# 03 Rincon 650?



## Flatfisher6187 (Jun 21, 2007)

Pros Cons what do you guys think about them. I may have an opportunity to get one. Would you take a Rincon over a Rubicon?

Thanks


----------



## INTOTHEBLUE (Jun 21, 2011)

Can't compare it to a Rubicon since I have no experience with one but I love my 03 Rincon. Kicking around the idea of selling mine since I got the RZR 1000.


----------



## printman (May 31, 2008)

I have a 2002 Rubicon and a 2014 Rubicon. Honda did a great job with Rubicon. I have a 2014 Pioneer and it has same drivetrain as Rincon and it feels solid.
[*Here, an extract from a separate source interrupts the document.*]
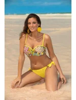 Krásné dvoudílné plavky určené pro střední až větší prsa. Opravdová lahůdka. Šikmé vsadky na košíčcích, lehce sportovní design, skvělý střih a barvy, které navodí letní atmosféru. Pokud hledáte něco módního a pohodlného, jste na správném místě. Košíčky jsou profesionálně modelované, vyztužené a v dolní části obohacené kosticemi. Skvěle sbírají, zvedají, drží na místě a správně tvarují poprsí. Vytvářejí pěkný výstřih. Košíčky C a D mají dodatečné lehké push up polstrování pro zlepšení tělesných proporcí. Ostatní košíčky (od E do H) jsou bez push up. Ramínka jsou délkově nastavitelná, obvod dobře drží, je elastický a pohodlně se zapíná na přezku.Kalhotky jsou mírně vyšší, vpředu jsou podšité, s kontrastním lemováním. Vypadají skvěle a na pláži vám jistě poskytnou požadované pohodlí.

I don't think you can go wrong with either one.


----------



## Stspower (Apr 6, 2012)

The only thing I didn't like about the rincon I had was it didnt have a high and low gear. Yeah you could put it in ESP mode ( I think that's what is was called) and have 1st-3rd gear but it's just not the same. I really enjoyed the bike though. Oh and if your thinking about snorkeling it, it's super easy. Just my $0.02. I'll buy anything if the price is right.


----------



## Cowboyupo6 (Jun 27, 2013)

I have an 03 rincon as well, great bike, just lacks the low end torque esp with bigger tires...look into the big red gear reduction (BGR) to fix that issue.


----------



## Flatfisher6187 (Jun 21, 2007)

Well I don't what is going to happen with the deal. I was supposed to meet with the people on Wednesday but a little while before I was going to head their way the guy texted me and said that he broke the carburetor when he was riding it on Tuesday and that he was going to take it to a mechanic. I tried to find out what happened to the carb because I haven't ever had any issue with a carb "breaking" while riding, I guess anything is possible, but he never told me what happened but he did say that he didn't have the money to fix it and that he may just sell it to the mechanic. I told him that a carb issue was not a deal breaker for me depending on what happened to it but he never responded. I knew I shouldn't have gotten my hopes up. Oh well I still have a good running Rubicon maybe another deal will present itself.


----------